An actor's physical transformation can be so distracting that it hurts a movie, pushing viewers out of the fictional world. It's hard to forget that there's the real Christian Bale, looking extremely ill.

Despite that risk, dramatic weight change has become a selling point, playing neatly into the national obsession with diet, a fascination that comes with its own seesawing dynamic. Television bombards viewers with commercials for weight-loss programs and low-carb snacks, occasionally interrupted by the latest, worsening news report about obesity. (Childhood obesity has tripled among grammar-school children in the last 30 years, said a government-sponsored report issued last month.) "The Biggest Loser," NBC's newest obnoxious reality show, pits teams of obese contestants against each other to see which group can drop the most weight the fastest, eliminating a member of the team that loses the least.

Some print ads for "The Machinist" even quote a review comparing Mr. Bale to other famous shape-shifting actors, saying, "I dare any of them to lose the weight Christian Bale did for 'The Machinist.' ''

In 1980, when Robert De Niro famously gained 50 pounds to play the older, out-of-condition Jake La Motta in "Raging Bull," it came across as devotion to the role - a little extreme, maybe, but sincere. Since then, actors have been pulling a De Niro to prove they can act. Some do it for art; in interview after interview, Mr. Bale has said he wouldn't have gone to such extremes for just any film, and there's no reason to doubt his motives even if we second-guess his taste in scripts.

But they also do it for Oscars. The De Niro, Brody and Theron performances all won Academy Awards, while the Hanks and Zellweger performances were nominated. It's one of the surest gambits in Oscardom: if an actor suddenly looks dangerously thin or unglamorously plump, that's acting! Part of the stunt is the quick return to glam movie-star shape: The New Yorker's review of "Monster" ran with a Richard Avedon photograph of Ms. Theron nude, showing the world she was back to normal.

What's normal for them, though, is anything but for most viewers, who are likely to find the prospect of losing 60 or even 20 pounds more horrifying than anything Alfred Hitchcock ever imagined. (Just ask those weeping, vomiting, stressed-out contestants on "The Biggest Loser.") And while we think we know the difference between movies and real life, the distinction often blurs.
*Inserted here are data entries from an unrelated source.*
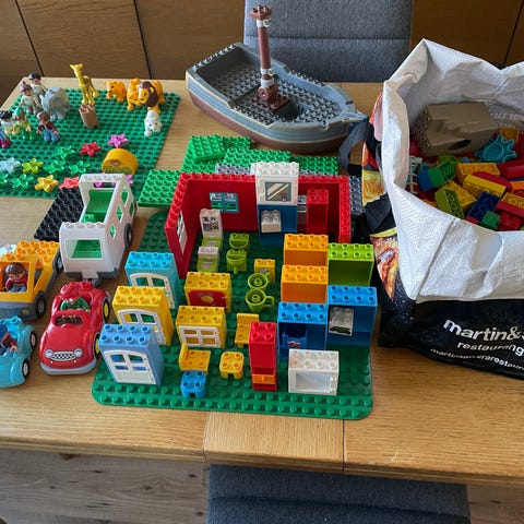 Stor påse LEGO DUPLO med blandade klossar, djur, figurer och fordon. Följer med olika färger och former samt en manual för huset. (Ej garanti på att alla bitar till det finns med!)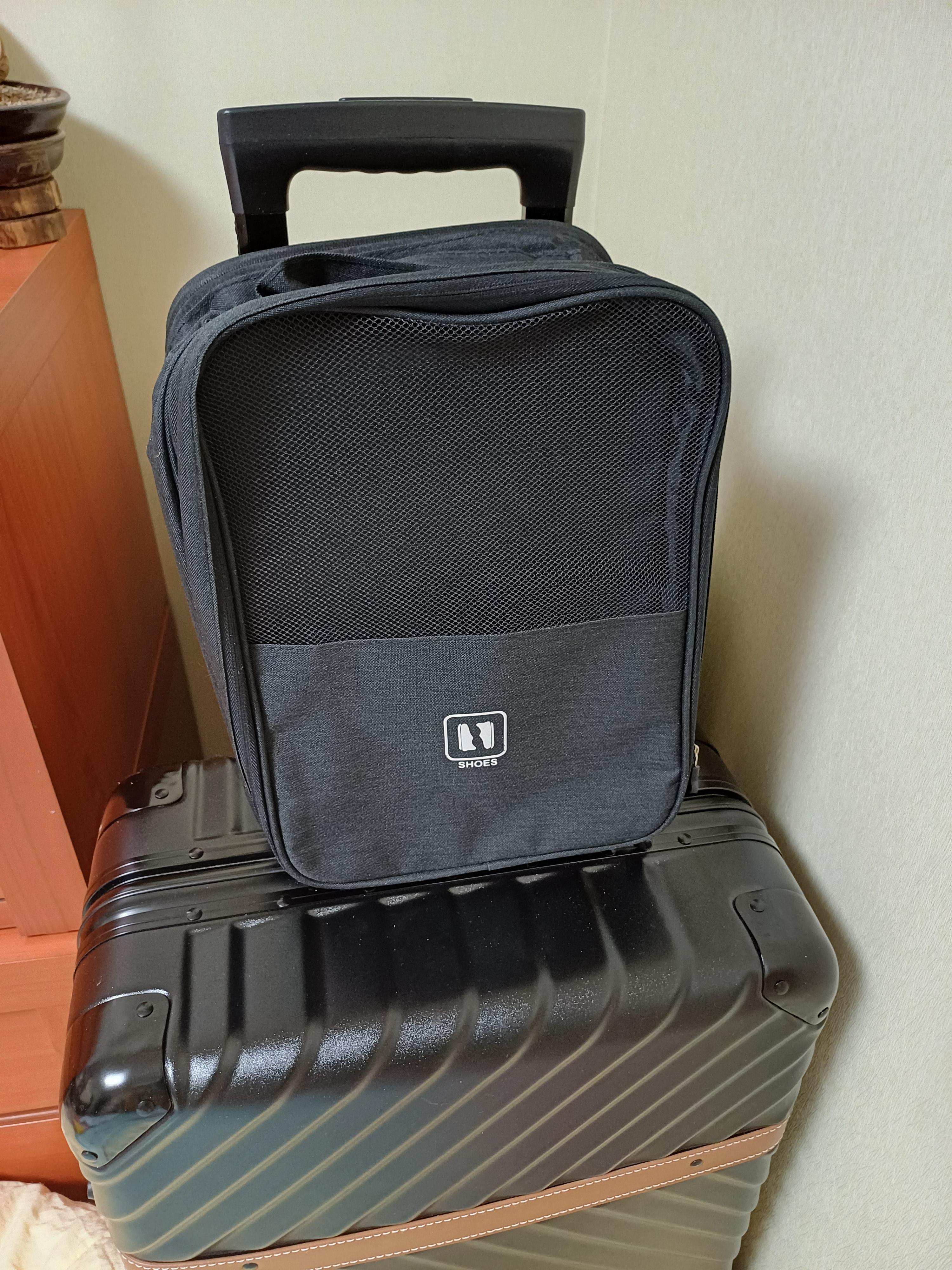 -기내용 캐리어를 수시로 꺼내고 열고 닫을 수 없기 때문에, 기내용 캐리어에 걸 수 있는 작은 가방을 구매를 했고, 언제든지 꺼내서 써야 하는 물건들 위주로 넣어 준비를 했습니다. (물,간식,장난감,기저귀,물티슈,손수건 등) 캐리어 보조가방은 네이버 쇼핑몰에서 6천 원을 주고 구매했는데 정말 가성비 최고였습니다. (아래 판매처 링크 첨부)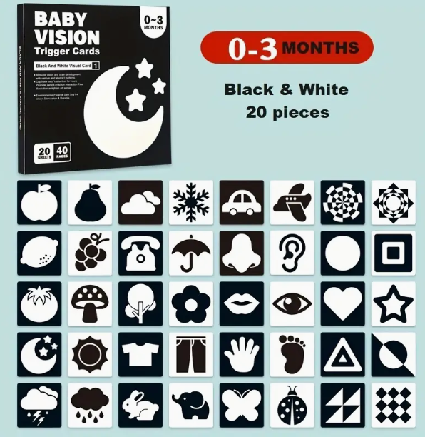 Aceste carduri sunt potrivite pentru bebelusii de la 0-3 luni, contine 20 carduri, folosite pentru antrenamentul de stimulare vizuala si dezvoltarea abilitatilor cognitive.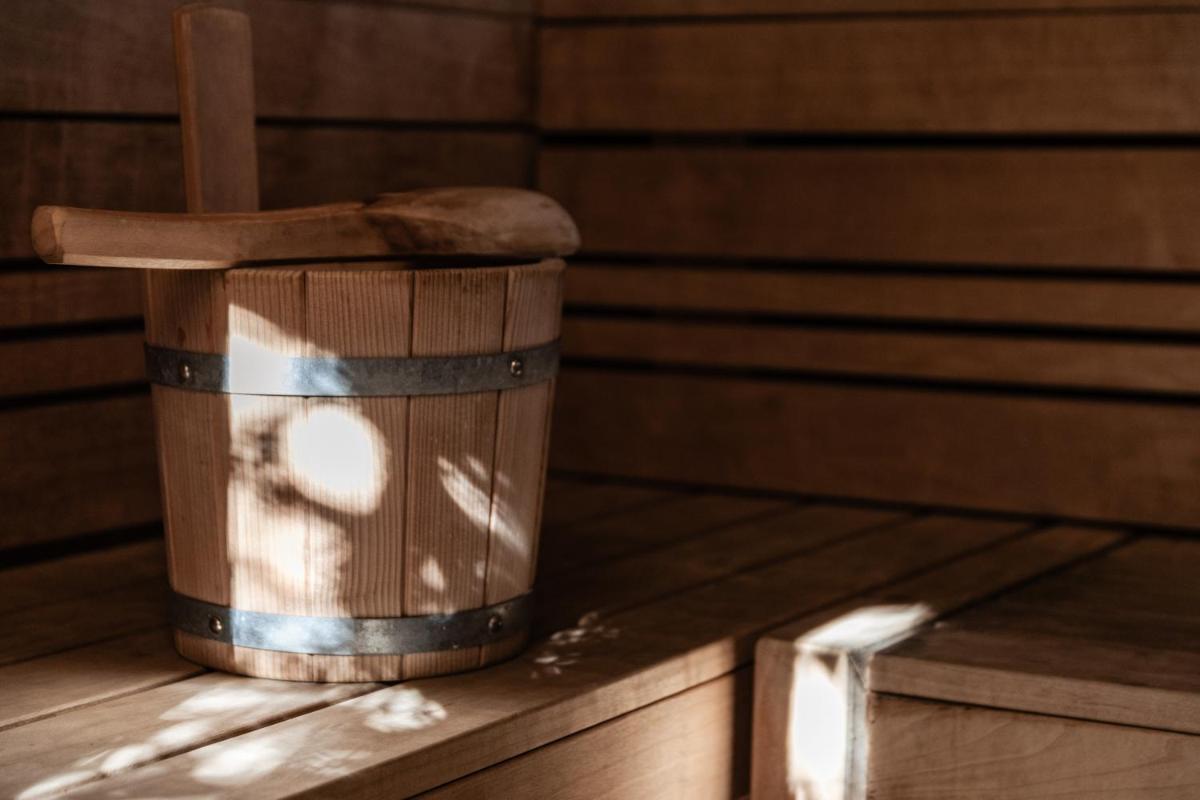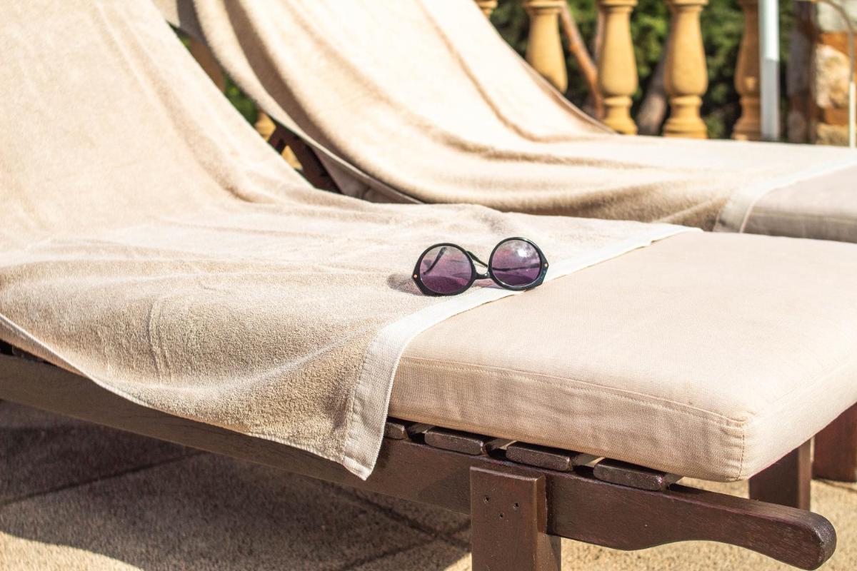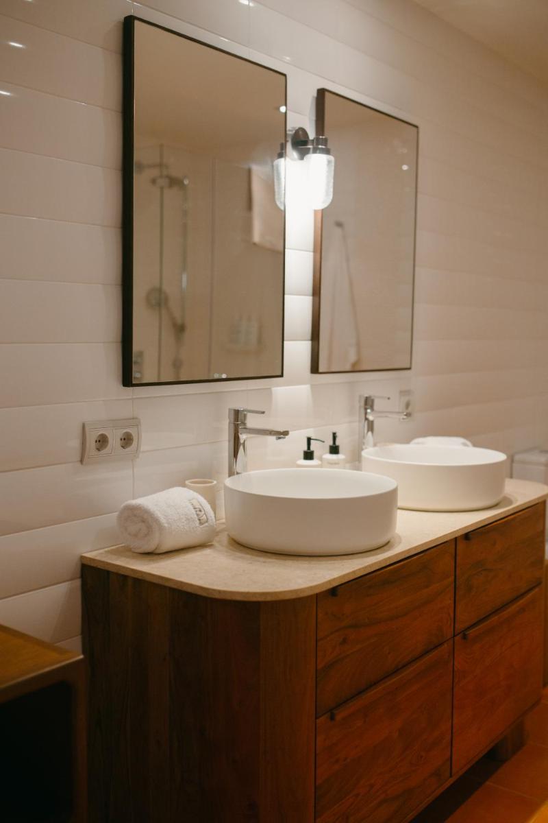 La zona wellness incluye piscina exterior climatizada, jacuzzi, sauna y espacios para yoga y meditación al aire libre.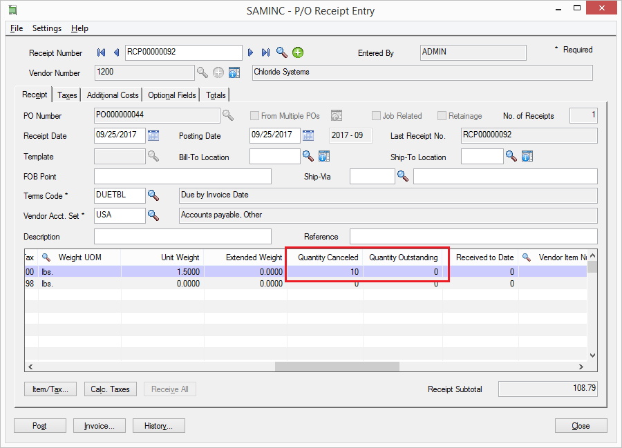 - Entered “Quantity Outstanding” as 0 for the products not received.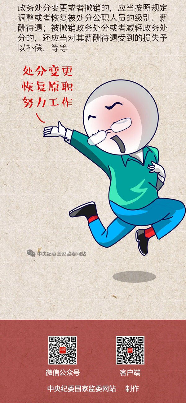 第六十条 公职人员的政务处分决定被变更,需要调整该公职人员的职务、职级、衔级、级别、岗位和职员等级或者薪酬待遇等的,应当按照规定予以调整。政务处分决定被撤销的,应当恢复该公职人员的级别、薪酬待遇,按照原职务、职级、衔级、岗位和职员等级安排相应的职务、职级、衔级、岗位和职员等级,并在原政务处分决定公布范围内为其恢复名誉。没收、追缴财物错误的,应当依法予以返还、赔偿。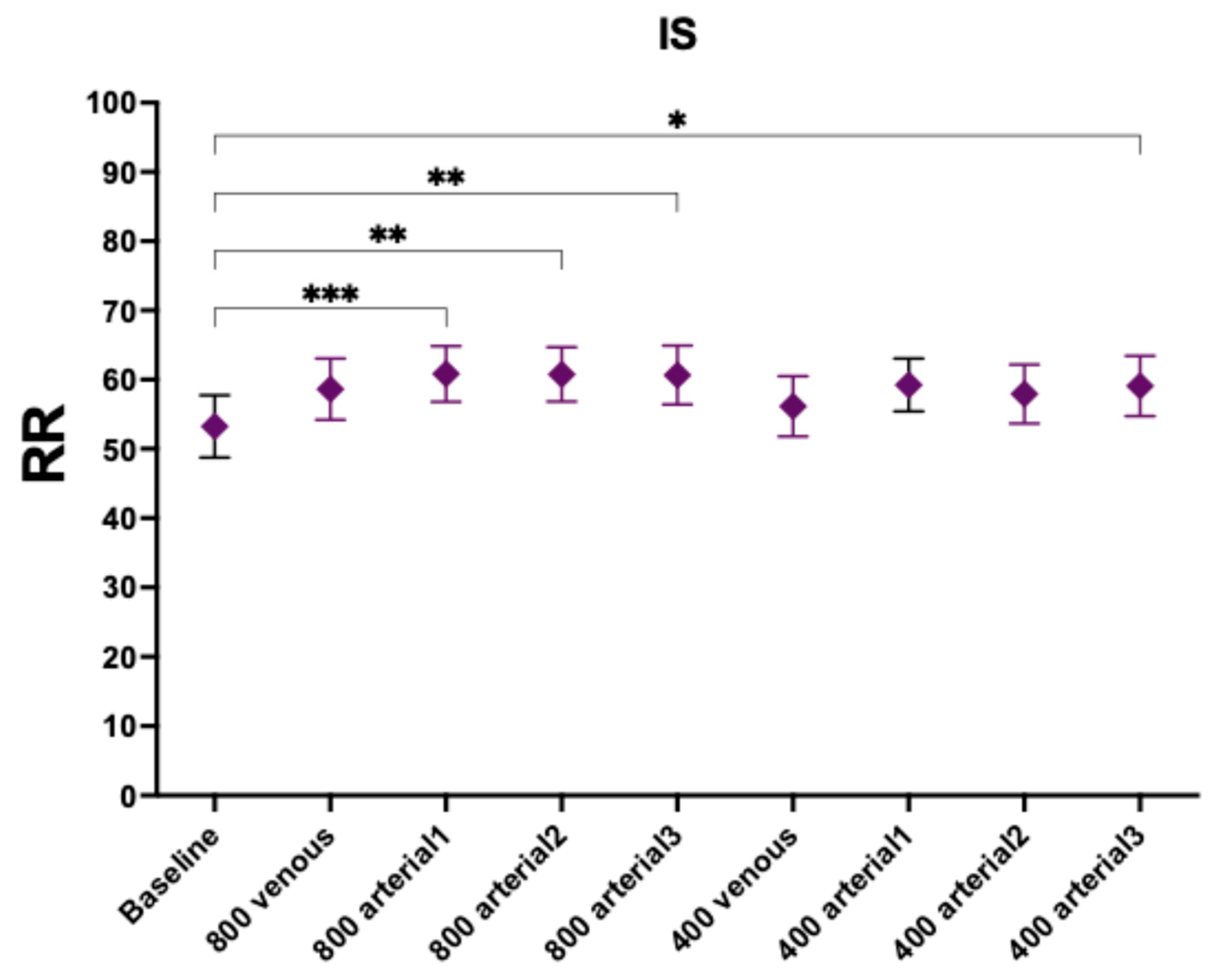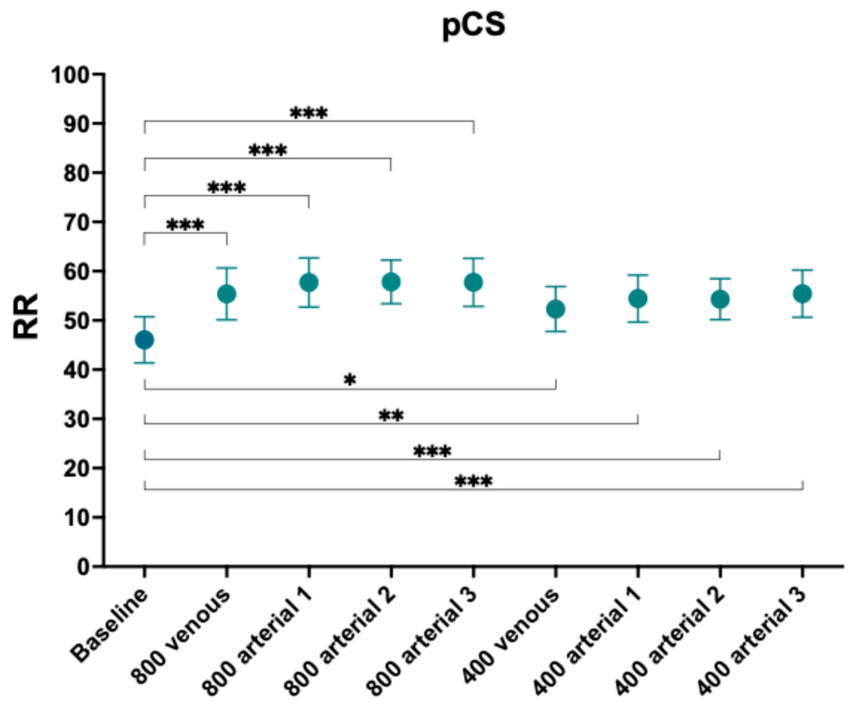 | Baseline vs. 800 arterial3 | −7.395 | −12.86 to −1.930 | 0.0053 | −11.69 | −17.35 to −6.032 | <0.0001 |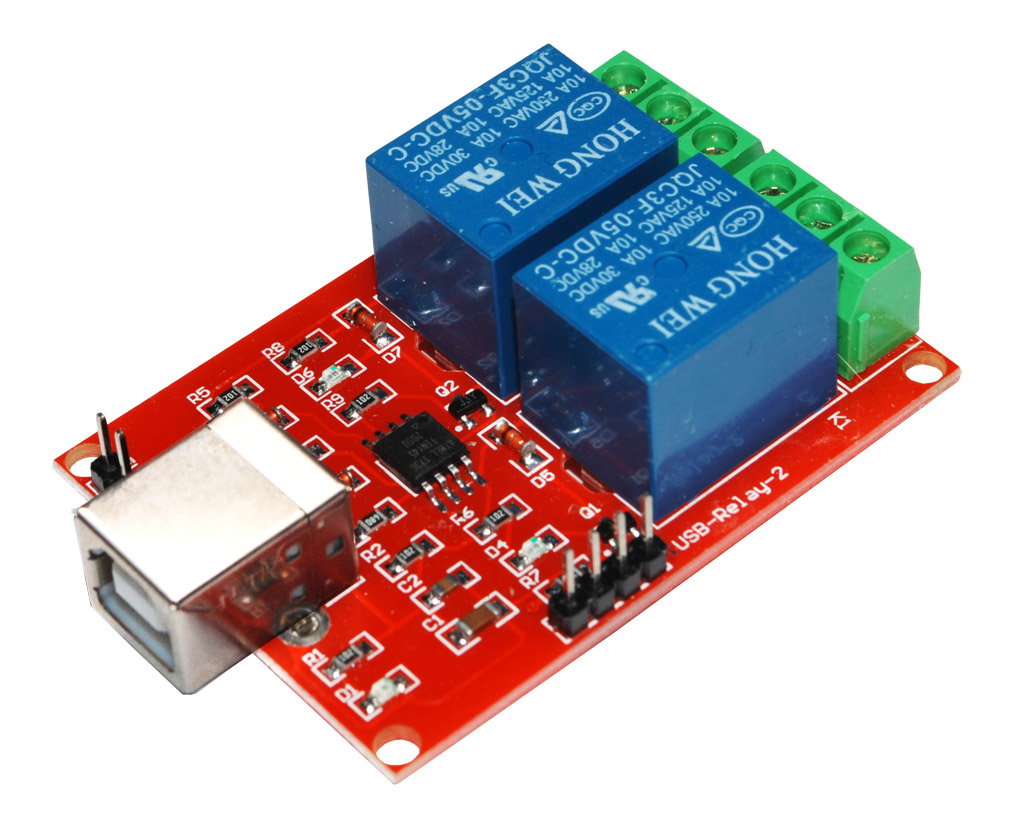 2-канальний релейний модуль невеликих розмірів, керований USB-портом комп'ютера або іншого пристрою.

"There's an overidentification with actors," Dr. Jean Petrucelli, co-director of the eating disorders, compulsions and addictions service at the William Alanson White Institute in Manhattan, said in a telephone interview. Dramatic weight changes like Mr. Bale's suggest a disconnect between mind and body, Dr. Petrucelli added. For actors, she said: "Their bodies are part of their craft. In a sense they are more adept at splitting off different parts of themselves as something they call a role. When actors dramatically change their body size, they are communicating a false sense that people should have that kind of control over their bodies' shape and size."

The pretense that dropping and gaining weight is easy only adds insult to that illusion. "I just didn't eat," Mr. Bale has been telling interviewers. And Ms. Zellweger's weight tricks may be the oddest of all, because she put on weight to look like the perfectly average Bridget Jones. But of course she's not average; she a movie star paid millions to pack it on or lose it. Stars have personal trainers to get them back in shape and private chefs to feed them again or refuse to feed them at all.

Where will this lead, beyond viewers beating themselves up because they can't diet like Renée? It's easy to imagine a new stunt-acting extreme, in which cosmetic surgeons help performers hone their most conspicuous tools, their bodies. At least when Nicole Kidman needed a new nose for "The Hours," she faked it.